## EXERCISE DESCRIPTION
Leave out the pictures, and write out exactly the lines from the beginning of the material to the line holding "该一眉道人3d杀码图由3d之家3d图库频道原创,仅供彩民参考,温馨提供。", that line included, and nothing else.

## AVAILABLE DATA
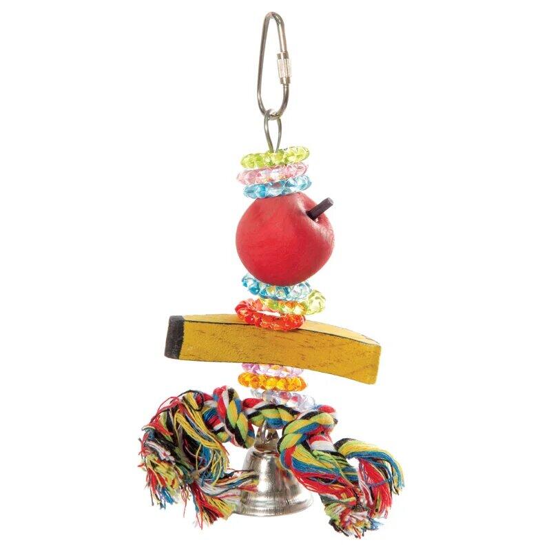 Игрушка для птиц, состоящая из деревянных фруктов и пластиковых колец, с веревкой на конце, которую так любят теребить пернатые питомцы.
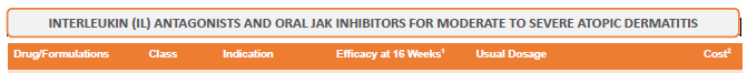 Comparison Chart: Interleukin (IL) Antagonists and Oral JAK Inhibitors for Moderate to Severe Atopic Dermatitis (online only)
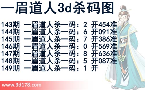该一眉道人3d杀码图由3d之家3d图库频道原创,仅供彩民参考,温馨提供。
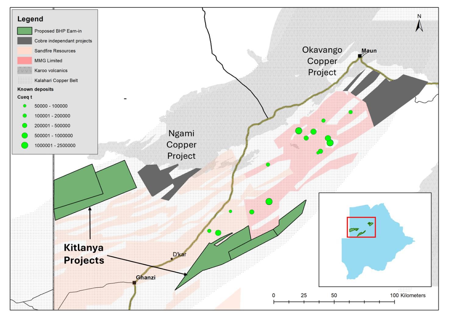 ASX:CBE) is pleased to announce that it has executed a letter of intent to negotiate exclusively with a wholly owned subsidiary of BHP Group Ltd (BHP) for a material earn-in joint venture agreement over Cobre's Kitlanya West and East Copper Projects (Kitlanya Projects), located on the northern and southern basin margins of the Kalahari Copper Belt in Botswana (Proposed Transaction). The Proposed Transaction follows on from Cobre's successful participation in the BHP Xplor program which also provided funding for the recently completed seismic survey on the Kitlanya West project (see ASX announcements of 23 January 2024 and 22 August 2024).

## WRITTEN SOLUTION
 Игрушка для птиц, состоящая из деревянных фруктов и пластиковых колец, с веревкой на конце, которую так любят теребить пернатые питомцы.
 Comparison Chart: Interleukin (IL) Antagonists and Oral JAK Inhibitors for Moderate to Severe Atopic Dermatitis (online only)
该一眉道人3d杀码图由3d之家3d图库频道原创,仅供彩民参考,温馨提供。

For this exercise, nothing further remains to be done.